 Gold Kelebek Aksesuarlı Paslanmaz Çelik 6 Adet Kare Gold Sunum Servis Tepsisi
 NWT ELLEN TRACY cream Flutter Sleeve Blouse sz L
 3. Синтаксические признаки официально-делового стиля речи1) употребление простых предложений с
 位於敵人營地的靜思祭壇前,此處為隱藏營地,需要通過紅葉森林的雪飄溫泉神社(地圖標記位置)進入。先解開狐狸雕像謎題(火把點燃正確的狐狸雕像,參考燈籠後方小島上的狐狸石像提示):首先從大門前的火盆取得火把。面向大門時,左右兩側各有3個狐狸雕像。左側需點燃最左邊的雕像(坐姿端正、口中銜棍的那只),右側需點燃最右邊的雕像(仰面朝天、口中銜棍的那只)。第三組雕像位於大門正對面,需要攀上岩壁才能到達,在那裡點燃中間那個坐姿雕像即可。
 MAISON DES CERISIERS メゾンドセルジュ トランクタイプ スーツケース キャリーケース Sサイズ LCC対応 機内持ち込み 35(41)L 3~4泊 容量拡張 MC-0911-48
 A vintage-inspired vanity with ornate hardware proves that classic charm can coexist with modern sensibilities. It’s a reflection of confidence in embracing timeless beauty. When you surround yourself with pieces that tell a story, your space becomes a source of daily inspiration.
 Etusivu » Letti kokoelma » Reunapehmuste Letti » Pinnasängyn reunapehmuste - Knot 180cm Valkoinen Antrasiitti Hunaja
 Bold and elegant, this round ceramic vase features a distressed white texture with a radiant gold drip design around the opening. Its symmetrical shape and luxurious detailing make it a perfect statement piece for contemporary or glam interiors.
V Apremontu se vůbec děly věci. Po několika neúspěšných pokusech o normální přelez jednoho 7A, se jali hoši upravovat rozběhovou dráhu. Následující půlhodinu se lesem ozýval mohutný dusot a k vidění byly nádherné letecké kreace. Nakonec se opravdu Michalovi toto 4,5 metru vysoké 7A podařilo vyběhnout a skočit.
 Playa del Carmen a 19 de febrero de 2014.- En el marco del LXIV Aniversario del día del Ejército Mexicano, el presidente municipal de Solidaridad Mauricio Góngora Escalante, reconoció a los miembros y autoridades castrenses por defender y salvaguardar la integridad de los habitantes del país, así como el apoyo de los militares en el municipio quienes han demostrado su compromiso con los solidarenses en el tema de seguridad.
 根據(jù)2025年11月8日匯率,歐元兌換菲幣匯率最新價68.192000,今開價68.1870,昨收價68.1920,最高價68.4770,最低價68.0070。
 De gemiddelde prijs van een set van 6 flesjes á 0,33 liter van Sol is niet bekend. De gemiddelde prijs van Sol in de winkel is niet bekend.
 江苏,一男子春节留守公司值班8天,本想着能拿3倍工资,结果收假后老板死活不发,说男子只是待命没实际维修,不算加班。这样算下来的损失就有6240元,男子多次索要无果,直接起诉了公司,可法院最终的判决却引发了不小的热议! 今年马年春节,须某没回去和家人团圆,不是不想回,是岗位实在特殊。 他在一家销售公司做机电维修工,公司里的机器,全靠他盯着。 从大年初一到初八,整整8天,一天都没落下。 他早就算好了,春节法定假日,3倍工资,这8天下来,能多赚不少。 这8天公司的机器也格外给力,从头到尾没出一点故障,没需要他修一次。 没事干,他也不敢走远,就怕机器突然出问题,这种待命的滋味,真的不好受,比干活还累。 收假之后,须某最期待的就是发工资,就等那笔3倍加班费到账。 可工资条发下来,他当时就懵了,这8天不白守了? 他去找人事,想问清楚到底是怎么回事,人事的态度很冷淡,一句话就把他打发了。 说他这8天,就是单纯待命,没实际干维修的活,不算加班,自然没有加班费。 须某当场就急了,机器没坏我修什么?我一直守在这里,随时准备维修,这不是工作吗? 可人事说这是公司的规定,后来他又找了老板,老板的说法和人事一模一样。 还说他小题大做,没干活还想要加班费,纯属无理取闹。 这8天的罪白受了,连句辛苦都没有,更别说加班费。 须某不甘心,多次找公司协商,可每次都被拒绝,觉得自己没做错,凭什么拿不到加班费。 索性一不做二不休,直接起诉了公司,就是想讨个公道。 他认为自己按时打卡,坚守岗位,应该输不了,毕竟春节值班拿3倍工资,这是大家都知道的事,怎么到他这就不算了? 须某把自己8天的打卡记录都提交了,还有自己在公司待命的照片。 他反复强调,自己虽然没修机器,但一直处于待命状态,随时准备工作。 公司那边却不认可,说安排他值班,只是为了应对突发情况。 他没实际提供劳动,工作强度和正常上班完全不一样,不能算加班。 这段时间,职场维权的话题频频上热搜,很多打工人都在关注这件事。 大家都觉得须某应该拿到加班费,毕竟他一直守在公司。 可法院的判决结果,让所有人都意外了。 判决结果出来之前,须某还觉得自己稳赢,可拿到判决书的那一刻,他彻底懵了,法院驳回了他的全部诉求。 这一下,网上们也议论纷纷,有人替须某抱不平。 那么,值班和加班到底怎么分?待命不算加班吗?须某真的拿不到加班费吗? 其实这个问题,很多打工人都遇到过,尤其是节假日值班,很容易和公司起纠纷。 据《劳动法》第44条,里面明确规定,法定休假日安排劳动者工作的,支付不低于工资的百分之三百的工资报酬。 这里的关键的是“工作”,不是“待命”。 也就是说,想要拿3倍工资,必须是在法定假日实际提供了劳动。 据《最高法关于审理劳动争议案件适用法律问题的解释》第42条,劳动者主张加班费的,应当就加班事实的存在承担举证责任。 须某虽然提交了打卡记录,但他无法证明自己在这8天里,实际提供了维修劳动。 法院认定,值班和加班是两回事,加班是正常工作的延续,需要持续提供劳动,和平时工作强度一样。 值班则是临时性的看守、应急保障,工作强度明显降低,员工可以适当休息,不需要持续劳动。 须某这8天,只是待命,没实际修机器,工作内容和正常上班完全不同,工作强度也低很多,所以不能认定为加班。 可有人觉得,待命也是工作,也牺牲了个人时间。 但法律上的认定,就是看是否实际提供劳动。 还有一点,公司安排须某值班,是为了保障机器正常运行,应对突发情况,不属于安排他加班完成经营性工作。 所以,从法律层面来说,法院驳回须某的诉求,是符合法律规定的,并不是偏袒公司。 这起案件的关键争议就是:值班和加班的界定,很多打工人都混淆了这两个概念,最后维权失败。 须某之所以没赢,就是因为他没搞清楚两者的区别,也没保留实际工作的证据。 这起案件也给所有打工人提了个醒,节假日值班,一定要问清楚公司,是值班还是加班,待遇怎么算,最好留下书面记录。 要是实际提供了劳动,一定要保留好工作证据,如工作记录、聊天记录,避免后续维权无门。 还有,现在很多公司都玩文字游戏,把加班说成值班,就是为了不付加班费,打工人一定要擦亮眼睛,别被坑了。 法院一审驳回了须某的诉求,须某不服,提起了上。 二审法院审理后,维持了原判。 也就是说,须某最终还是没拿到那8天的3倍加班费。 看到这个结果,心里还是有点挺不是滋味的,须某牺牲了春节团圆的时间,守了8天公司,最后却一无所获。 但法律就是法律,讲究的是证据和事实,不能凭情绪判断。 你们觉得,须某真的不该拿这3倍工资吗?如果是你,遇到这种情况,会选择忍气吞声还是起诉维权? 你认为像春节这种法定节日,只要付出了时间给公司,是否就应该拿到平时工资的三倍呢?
•••
◆ What the exercise asks
Give back exactly the lines above starting at the line where "根據(jù)2025年11月" appears and ending at the line where "De gemiddelde prijs van een" appears, both included, with no other lines.

◆ Reply to the exercise
 根據(jù)2025年11月8日匯率,歐元兌換菲幣匯率最新價68.192000,今開價68.1870,昨收價68.1920,最高價68.4770,最低價68.0070。
 De gemiddelde prijs van een set van 6 flesjes á 0,33 liter van Sol is niet bekend. De gemiddelde prijs van Sol in de winkel is niet bekend.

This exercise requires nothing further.